Но больших успехов у римлян все-таки не было: Куриону для развертывания морских сражений не хватало ни опыта, ни таланта флотоводца, к тому же морские ласточки постоянно ускользали у него из-под носа.
Помня наставления Антония и вытеснив пиратов с архипелага, Курион решил одним ударом покончить с Киликией. Он привел колонну трирем к вражеским берегам, запер гавань и решил взять Олимпия измором.
Две или три биремы пробовали прорваться, но тут же были потоплены.
Римские моряки железными баграми сорвали протянутые меж подводных камней цепи, и триремы сплошной стеной двинулись в глубь бухты. Численный перевес был на стороне Олимпия, но на узком пространстве он не мог бросить в бой даже половину своих бирем.
Флот пиратов казался уже обреченным. Олимпий распорядился затопить все суда и заградить трупами потопленных кораблей путь к берегу.
Поседевшие на море пираты медленно, сносили с родных бирем снасти, оружие, свои пожитки… Лица моряков были угрюмы и скорбны. Для каждого его бирема давно стала живым существом, родным и близким.
Гарм отказался расстаться со своим судном.
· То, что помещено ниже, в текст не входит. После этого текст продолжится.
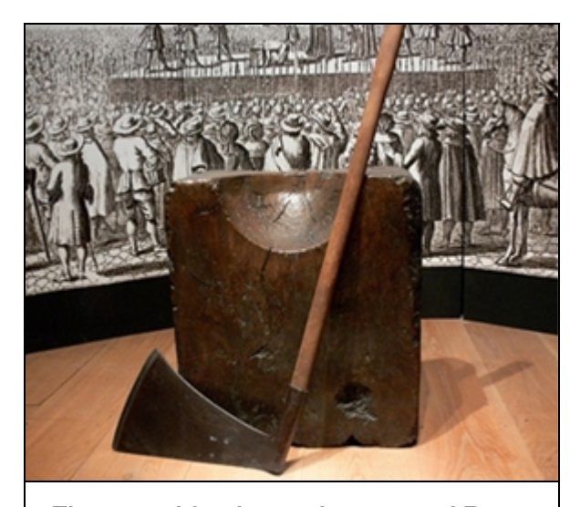
The reward for those who opposed Rome and gave the Bible to the common people.

So what is going on? Are we being deceived? Of course we are! The Enemy is systematically degrading the Bible. This process began in earnest in the second half of the 19<sup>th</sup> century, mainly in England and Germany, and has been gathering pace ever since. As a result, we now have pastors and preachers in Christian communities around the world who quote copiously from a manmade paraphrase of the Bible, known as The Message , and treat it as though it was the Word of God.

Он просил владыку Морей повременить с потоплением флота.
Олимпий, тяжело дыша, махнул рукой…
— Это все из-за тебя! Надо было вернуть девчонку…
— Нас обманули, и потом… Не все ли равно? Рано или поздно… — Гарм минуту помолчал. — Я что-то надумал, владыка. — Он потрогал коралловую подвеску в ухе, нажал замочек и, сняв, протянул ее вождю пиратов. — Возьми на намять…
Олимпий недоуменно и горестно посмотрел на Гарма.
— Да хранит тебя Посейдон, что ты надумал?
— Вели, владыка, готовить биремы к бою. Крепите паруса. Придется нам погоняться за их триремами.
Широкие брови Олимпия взметнулись.
— Ты в уме?
— Да! — Гарм стоял твердо, по-моряцки широко расставив ноги. — Сделай, владыка, как я сказал, — с неожиданной мягкостью добавил он. — Мои люди пойдут на это.
Старые гелиоты, прошедшие с Гармом долгий путь от сирийских каменоломен, вольных лесов Ливана, те, что бок о бок сражались с ним в отрядах Аридема, молча выслушали своего главаря и так же молча понесли в трюм своей красавицы биремы сухой хворост, покатили бочки со смолой. Гарм встал у руля. Береговой ветер надул поднятые паруса. Белые, тугие, они понесли гелиотов навстречу римской флотилии. Испуганными, изумленными взглядами провожали пираты смельчаков.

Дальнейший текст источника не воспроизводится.